In this article, we'll break down what Atomic::Ordering really means, why it matters, and how to choose the right ordering for your use case. We'll be implementing a Mutex from scratch and build up to different (Relaxed, Acquire, Release, AcqRel, and SeqCst) orderings, examine their trade-offs, and use practical examples with real world analogies to understand the concept

Explaining Atomics

The word atomic comes from the Greek word ἄτομος, meaning indivisible, something that cannot be cut into smaller pieces. In computer science, it is used to describe an operation that is indivisible: it is either fully completed, or it didn’t happen yet.

Atomics in Rust are used to perform small operations (add, substract, compare, etc) on a shared memory. Unlike a normal x=x+1 statement which has to go through the Fetch, Decode, Execute, WriteBack cycle, atomics on the other hand gets executed in a single (or even less than that) CPU Cycle. Hence preventing a data-race condition among threads. This makes it perfect for implementing Mutexes

const LOCKED:bool = true;
const UNLOCKED:bool = false;

// Intentional incorrect implementation of a Mutex
pub struct Mutex <T> {
    locked:AtomicBool,
    v:UnsafeCell<T>,

}
impl<T> Mutex<T>{
    pub fn new(t: T) -> Self {
        Self {
            locked: AtomicBool::new(UNLOCKED),
            v: UnsafeCell::new(t),
        }
    }
    // Takes in a closure/function (what to do after getting exclusive access of <T> )
    pub fn with_lock<R>(&self, f: impl FnOnce(&mut T) -> R) -> R {
    // For the sake of understanding we'll use a SpinLock
    // One should never utilise a SpinLock in production
        while self.locked.load(Ordering::Relaxed) != UNLOCKED {}
        self.locked.store(LOCKED, Ordering::Relaxed);
        // Since Unsafe Cell returns a "unsafe" raw pointer, we need to typecast it to a "memory safe" mutable reference before passing it to our closure 'f'
        let ret = f(unsafe { &mut *self.v.get() });
        self.locked.store(UNLOCKED, Ordering::Relaxed);
        ret
    }
}
Enter fullscreen mode Exit fullscreen mode

For simplicity's sake, just ignore the ordering and let's use Ordering::Relaxed cause we're all relaxed people in general. twehe

But why Atomics?

CPU and Modern Compilers often re-order the instructions to improve performance and CPU utilisation, However, this is'nt very useful when multiple independent entities (i.e threads) .This could cause data races and read-write locks, stalling the threads for a long time.

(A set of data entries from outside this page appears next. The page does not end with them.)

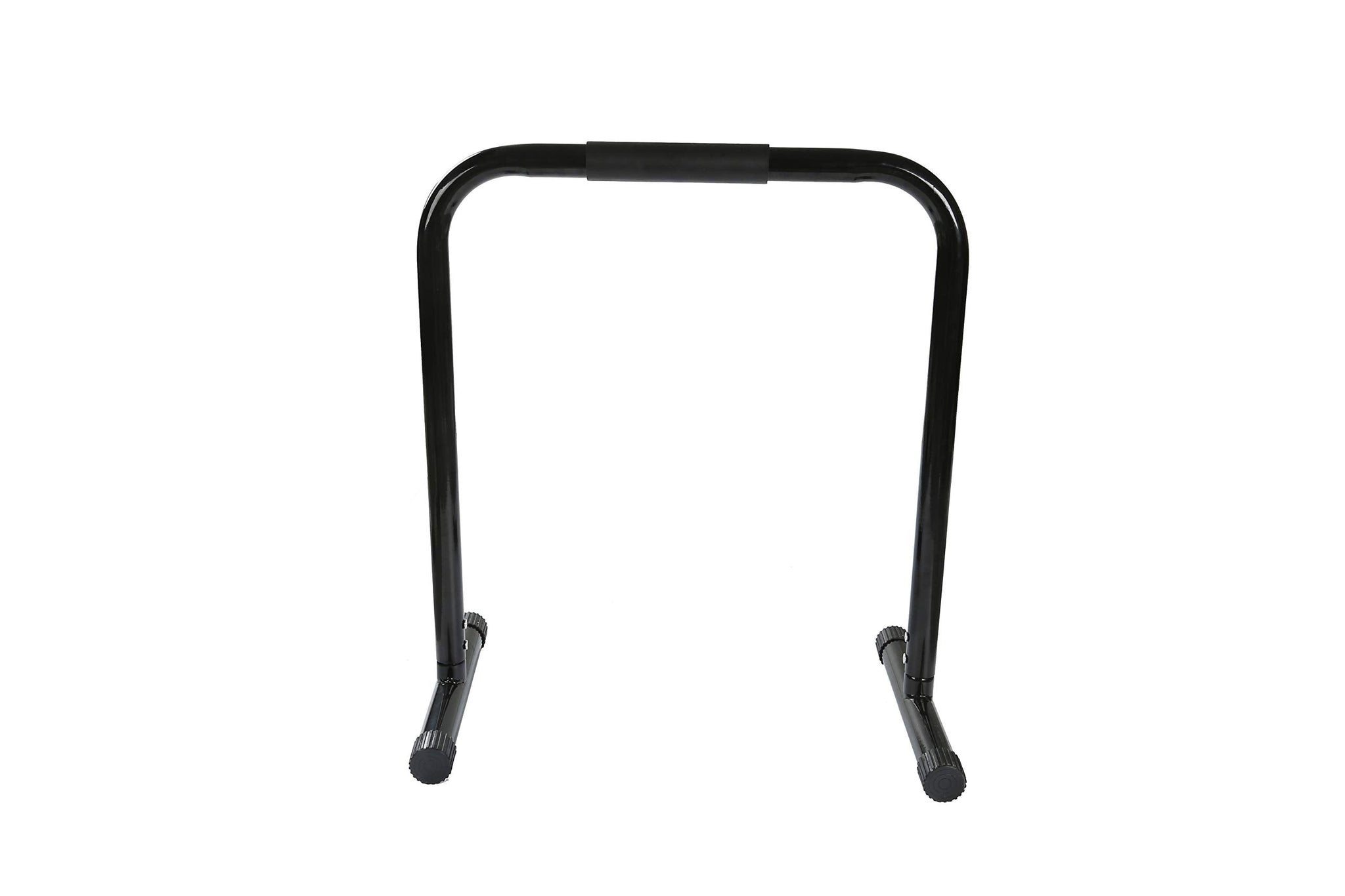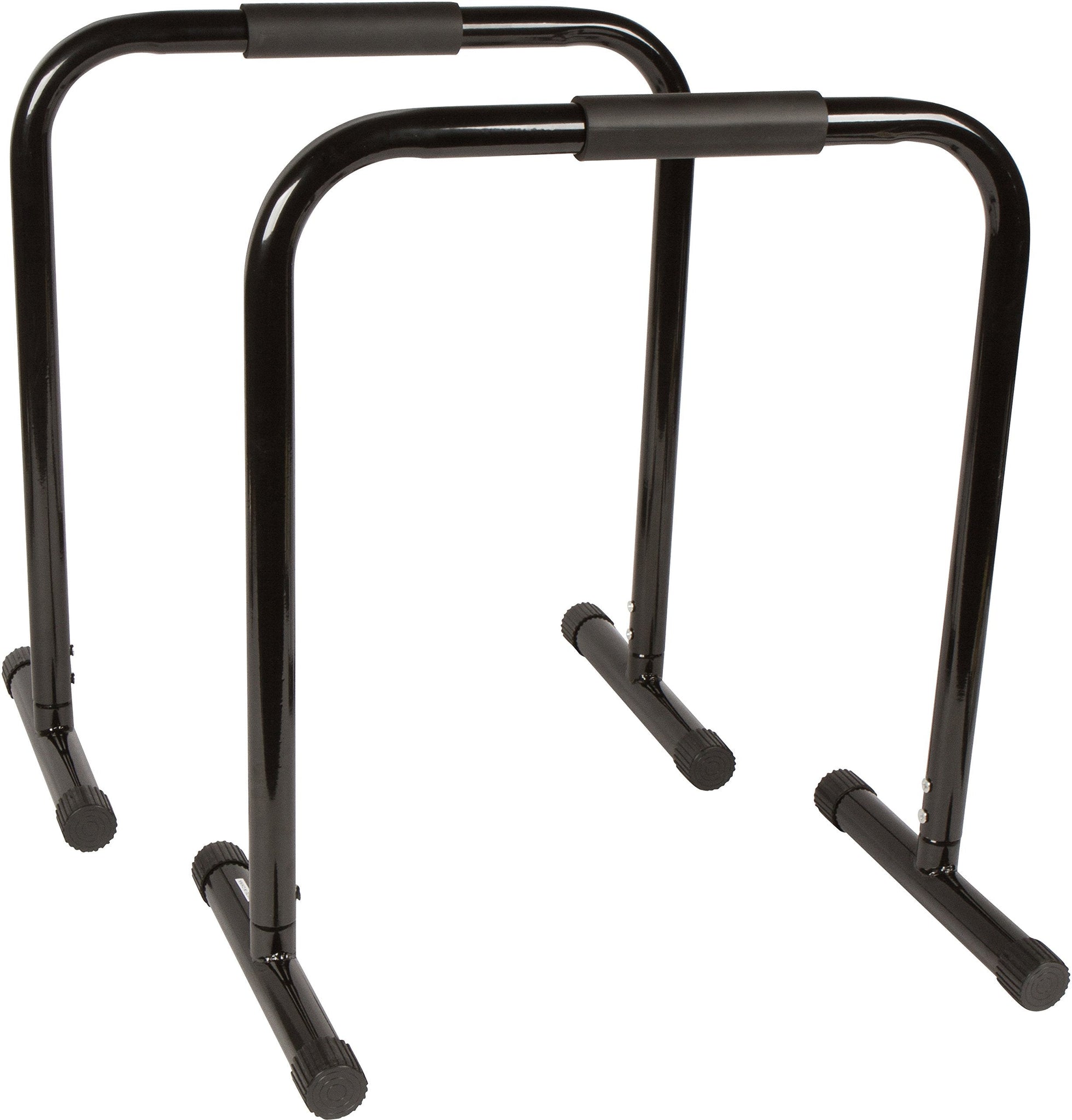 Details: Each dip stand bar measures 14.5"L x 25"w x 28.5"H. Comfortable foam padding for gripping allows for non-slipping of hands. Easy to assemble. A versatile addition to any home gym that helps build strength & stamina. Allows one to use their own weight resistance to build strength. 300lb. User weight capacity. By Trademark Innovations.
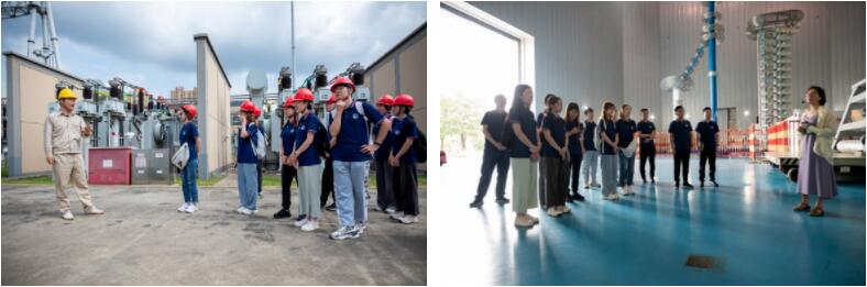 武汉实践分队去到中国电力科学研究院、中国船舶集团第七一九研究所、湖北省电力勘测设计院有限公司,参观调研了电网环境保护国家重点实验室和电磁环境仿真与试验、新型环保设备试验验证等众多实验平台。GIS勘测系统、VR沉浸式选线设备让同学们体会到多学科交叉创新对电力行业发展的推进作用。
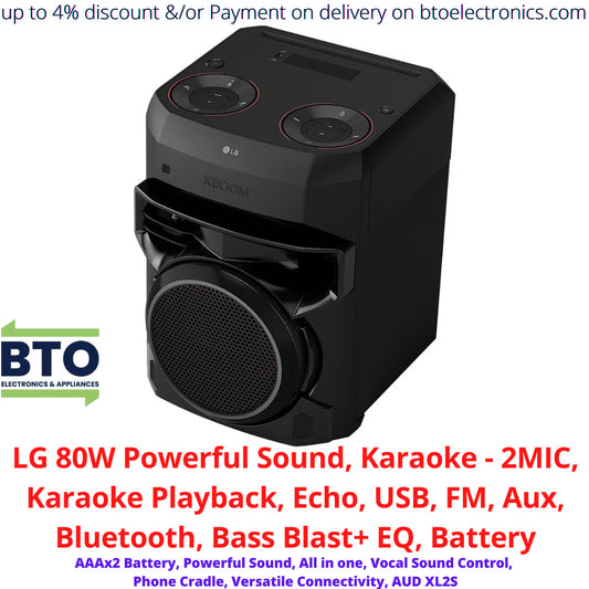 LG 80W Powerful Sound, Karaoke-2MIC, Karaoke Playback, Echo, Usb, Aux, Fm, Bluetooth
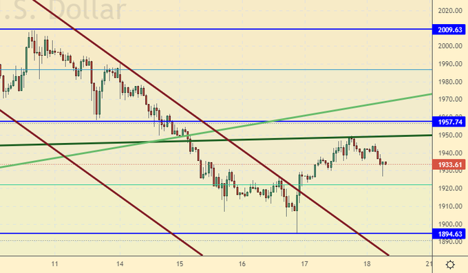 После подъема ставки ФРС золото попыталось пройти наверх, но рынок был остановлен в районе 1950. Сегодня мы увидим еще одну попытку пробиться выше, однако она может завершиться неудачей, так как толпа находится под впечатлением от прогнозов о том, что ФРС будет поднимать ставку в этом году еще аж 6 раз.
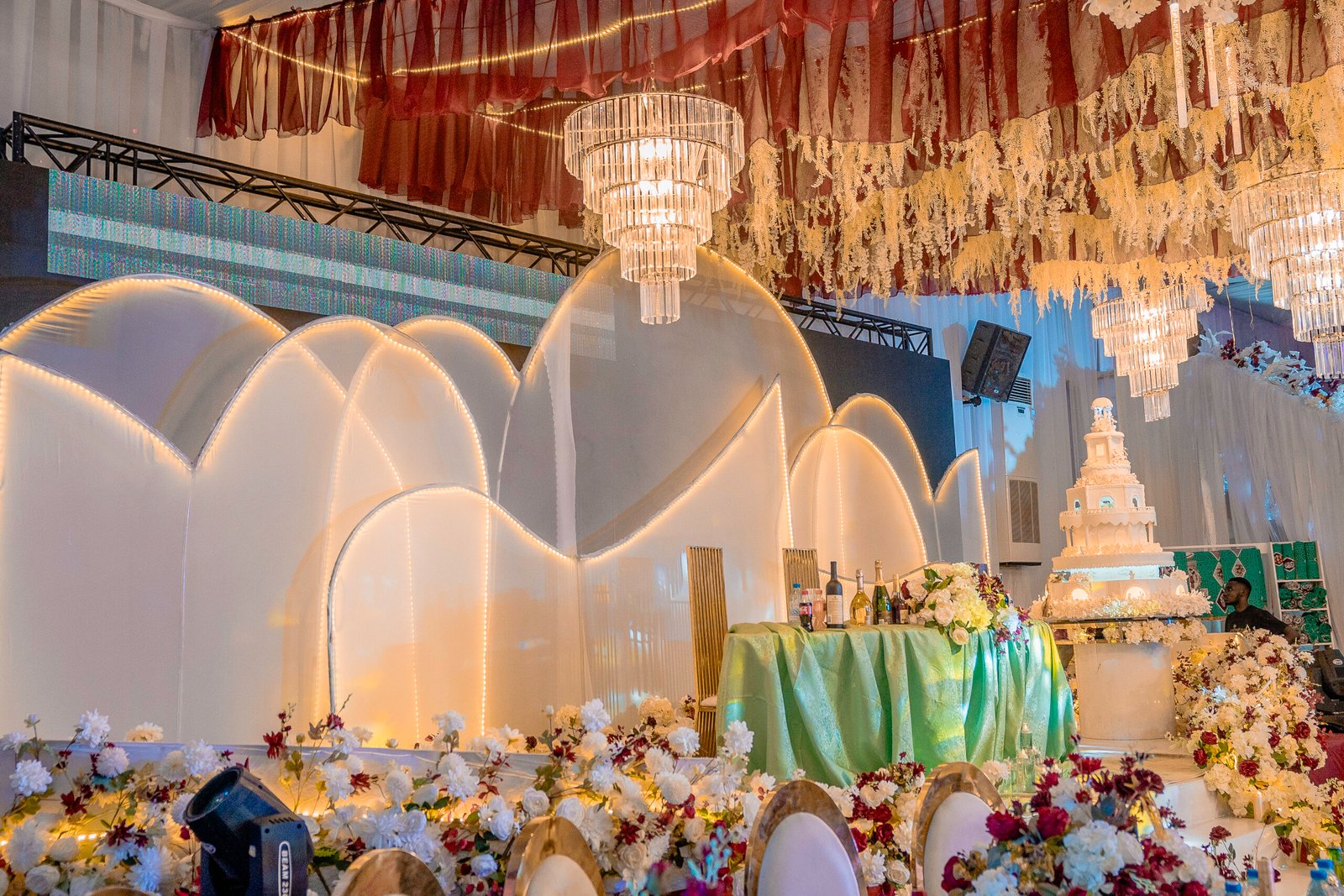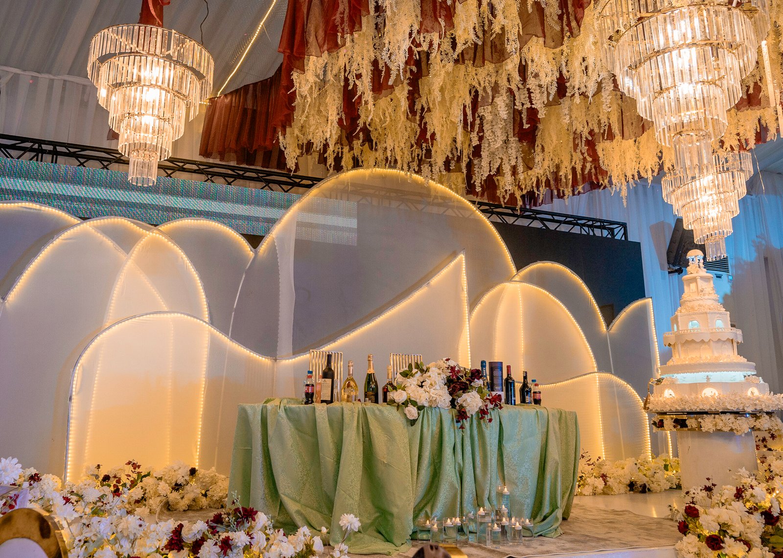 We design stunning stages, floral backdrops, table setups, and full venue transformations. Every space is styled with elegance and precision to create a breathtaking experience.

Now our poorly implemented Mutex falls prey to this, the instructions could get shuffled and all our well-thought out implementation goes to waste. Since it could reorder into something like:

    pub fn with_lock<R>(&self, f: impl FnOnce(&mut T) -> R) -> R {
        self.locked.store(UNLOCKED, Ordering::Relaxed);
        while self.locked.load(Ordering::Relaxed) != UNLOCKED {}
        self.locked.store(LOCKED, Ordering::Relaxed);
        let ret = f(unsafe { &mut *self.v.get() });
        ret
    }
Enter fullscreen mode Exit fullscreen mode

Which would interefere with another thread who currently has the lock. OR something like

pub fn with_lock<R>(&self, f: impl FnOnce(&mut T) -> R) -> R {
    self.locked.store(LOCKED, Ordering::Relaxed);
    while self.locked.load(Ordering::Relaxed) != UNLOCKED {}
    let ret = f(unsafe { &mut *self.v.get() });
    self.locked.store(UNLOCKED, Ordering::Relaxed);
    ret
}
Enter fullscreen mode Exit fullscreen mode

This could lead to the mutex locking its own access to the data and being in the state of Deadlock forever, leading to freezing the program.

How does Atomic::Ordering save us from this ?

It gives special instructions to the compiler, i.e when should it reorder and when it should'nt.

Ordering::Acquire/Release(together) – Ensures Seeing Previous Writes and Future Reads

Concept

  • Ensures that all writes done before another thread released the data are visible. Release
  • Prevents previous reads/writes from moving after the acquire operation. Acquire

Example 1: Imagine T1 is preparing a pizza order, and T2 is the delivery person.

fn thread1() {
    DATA = 42;  
    FLAG.store(UNLOCKED, Ordering::Release); // Guarantees DATA is written before FLAG!
}

fn thread2() {
    while FLAG.load(Ordering::Acquire) != UNLOCKED {}  // Guarantees we see DATA update!
    println!("{}", DATA);  // Always prints 42.
}

Enter fullscreen mode Exit fullscreen mode

Now as compiler gets the instructions:-

  • T1 (cook) sets DATA = 42 and then flips FLAG to true.
  • T2 (delivery) waits until FLAG == true and only then picks up DATA.
  • No chance of reading old data!

A small diagram showing how 3 threads access the data changed

Example 2 : Think of T1 as a warehouse preparing a package, and T2 as a delivery worker picking it up.

fn thread1() {
    DATA = 42;  
    FLAG.store(UNLOCKED, Ordering::Release);  //  "Releases" the data 1st and then unlocks
}

fn thread2() {
    while FLAG.load(Ordering::Acquire) != UNLOCKED {}  //  Guarantees we see previous writes
    println!("{}", DATA);  // Always prints 42.
}
Enter fullscreen mode Exit fullscreen mode

Similarly :-

  • T1 (warehouse) packs the order (DATA = 42), then sets FLAG to true.
  • T2 (delivery) will NOT pick up FLAG == true until DATA = 42 is fully written.
  • T2 always gets the correct value.

Key Point: Release ensures that all previous writes (like DATA = 42) are visible before setting FLAG = true.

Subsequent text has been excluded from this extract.